Data excerpts below:
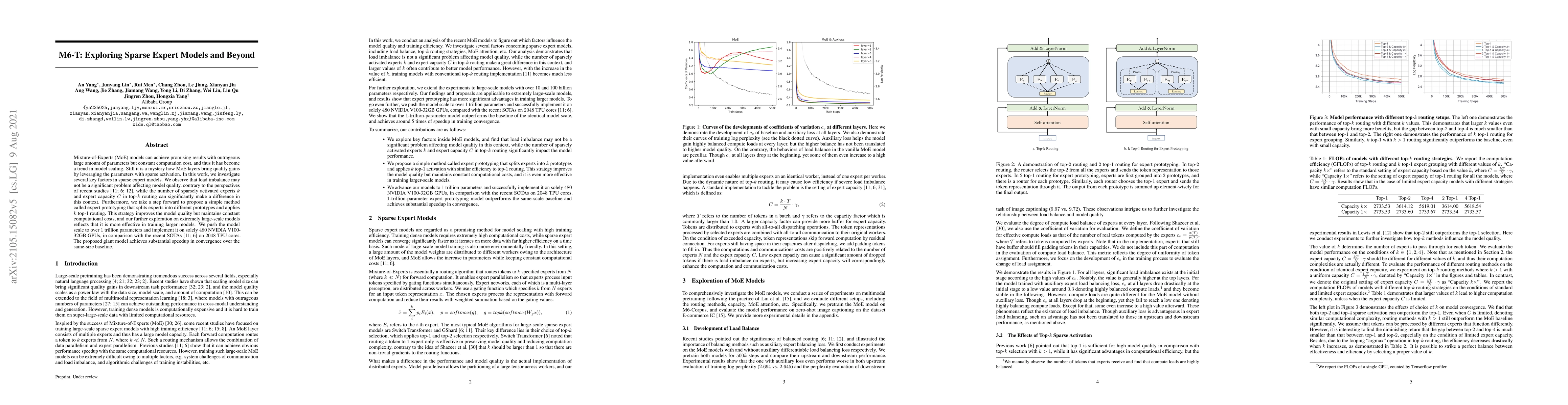 Mixture-of-Experts (MoE) models can achieve promising results with outrageous large amount of parameters but constant computation cost, and thus it has become a trend in model scaling. Still it is a mystery how MoE layers bring quality gains by leveraging the parameters with sparse activation. In this work, we investigate several key factors in sparse expert models. We observe that load imbalance may not be a significant problem affecting model quality, contrary to the perspectives of recent studies, while the number of sparsely activated experts $k$ and expert capacity $C$ in top-$k$ routing can significantly make a difference in this context. Furthermore, we take a step forward to propose a simple method called expert prototyping that splits experts into different prototypes and applies $k$ top-$1$ routing. This strategy improves the model quality but maintains constant computational costs, and our further exploration on extremely large-scale models reflects that it is more effective in training larger models. We push the model scale to over $1$ trillion parameters and implement it on solely $480$ NVIDIA V100-32GB GPUs, in comparison with the recent SOTAs on $2048$ TPU cores. The proposed giant model achieves substantial speedup in convergence over the same-size baseline.
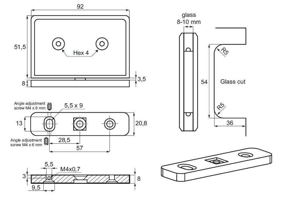 Shower Pivot Hinge "Lodz II", Floor/Glass,SS-Look,51,5x92x21 mm, With Adjustable Base, Brass Material, Incl. Gaskets, Screws & Templates, Self Centering When Within 15DG Of Closed Position, 8-10mm Glass Thickness Load Capacity: 20 kg Pr. Hinge, Max Glass Width: 800mm
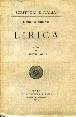In-8°, pp. 379, brossura editoriale grigia. Bell'esemplare in barbe. La raccolta comprende varie liriche in edizione originale; essa contiene anche le liriche latine e quelle apocrife o dubbie. Con nota del curatore, indici dei capoversi e dei nomi. 'Essa rappresenta la migliore edizione critica delle poesie dell'Ariosto, sia per la completezza della raccolta, nella quale sono presenti molti componimenti non mai prima comparsi' (Agnelli / Ravegnani). Scrittori d'Italia. Agnelli / Ravegnani, II, p. 58 (discorre in nota dei principali codici tenuti presenti dal Fatini per la lezione testuale).
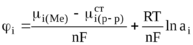 - разность потенциалов между металлом и раствором. Эта работа - работа системы по выравниванию химического потенциала вещества в контактных фазах и определяющаяся разностью химических потенциалов
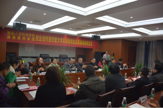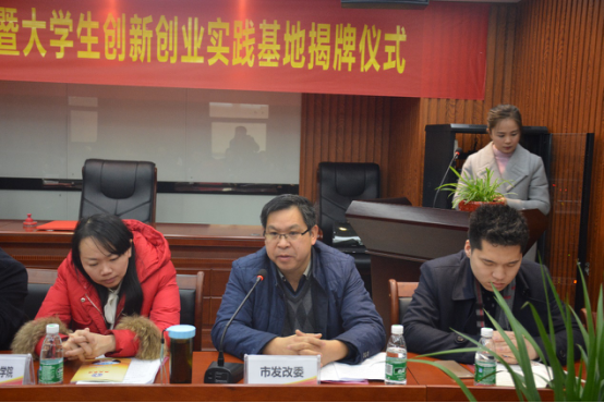市发改委谢耀初科长在讲话中指出,人文科技学院积极探索教育改革、探索创新创业思路,这就需要整体上很好的平台,而联邦集团是一个非常优秀的、综合性的、专业化服务的平台,双方的互补性很强、合作的空间很大。在今后的工作中要进一步解放思想、开拓思维,为娄底的大学生创新创业做出榜样。作为职能部门,在政策、资金、谋划上充分发挥发改委的作用,为你们保驾护航。
End of Data excerpts.
▸ What you have to do
Wherever an image appears, omit it; copy the rest of the records exactly.

▸ Solution to this exercise
 Mixture-of-Experts (MoE) models can achieve promising results with outrageous large amount of parameters but constant computation cost, and thus it has become a trend in model scaling. Still it is a mystery how MoE layers bring quality gains by leveraging the parameters with sparse activation. In this work, we investigate several key factors in sparse expert models. We observe that load imbalance may not be a significant problem affecting model quality, contrary to the perspectives of recent studies, while the number of sparsely activated experts $k$ and expert capacity $C$ in top-$k$ routing can significantly make a difference in this context. Furthermore, we take a step forward to propose a simple method called expert prototyping that splits experts into different prototypes and applies $k$ top-$1$ routing. This strategy improves the model quality but maintains constant computational costs, and our further exploration on extremely large-scale models reflects that it is more effective in training larger models. We push the model scale to over $1$ trillion parameters and implement it on solely $480$ NVIDIA V100-32GB GPUs, in comparison with the recent SOTAs on $2048$ TPU cores. The proposed giant model achieves substantial speedup in convergence over the same-size baseline.
 Shower Pivot Hinge "Lodz II", Floor/Glass,SS-Look,51,5x92x21 mm, With Adjustable Base, Brass Material, Incl. Gaskets, Screws & Templates, Self Centering When Within 15DG Of Closed Position, 8-10mm Glass Thickness Load Capacity: 20 kg Pr. Hinge, Max Glass Width: 800mm
In-8°, pp. 379, brossura editoriale grigia. Bell'esemplare in barbe. La raccolta comprende varie liriche in edizione originale; essa contiene anche le liriche latine e quelle apocrife o dubbie. Con nota del curatore, indici dei capoversi e dei nomi. 'Essa rappresenta la migliore edizione critica delle poesie dell'Ariosto, sia per la completezza della raccolta, nella quale sono presenti molti componimenti non mai prima comparsi' (Agnelli / Ravegnani). Scrittori d'Italia. Agnelli / Ravegnani, II, p. 58 (discorre in nota dei principali codici tenuti presenti dal Fatini per la lezione testuale).
 - разность потенциалов между металлом и раствором. Эта работа - работа системы по выравниванию химического потенциала вещества в контактных фазах и определяющаяся разностью химических потенциалов
市发改委谢耀初科长在讲话中指出,人文科技学院积极探索教育改革、探索创新创业思路,这就需要整体上很好的平台,而联邦集团是一个非常优秀的、综合性的、专业化服务的平台,双方的互补性很强、合作的空间很大。在今后的工作中要进一步解放思想、开拓思维,为娄底的大学生创新创业做出榜样。作为职能部门,在政策、资金、谋划上充分发挥发改委的作用,为你们保驾护航。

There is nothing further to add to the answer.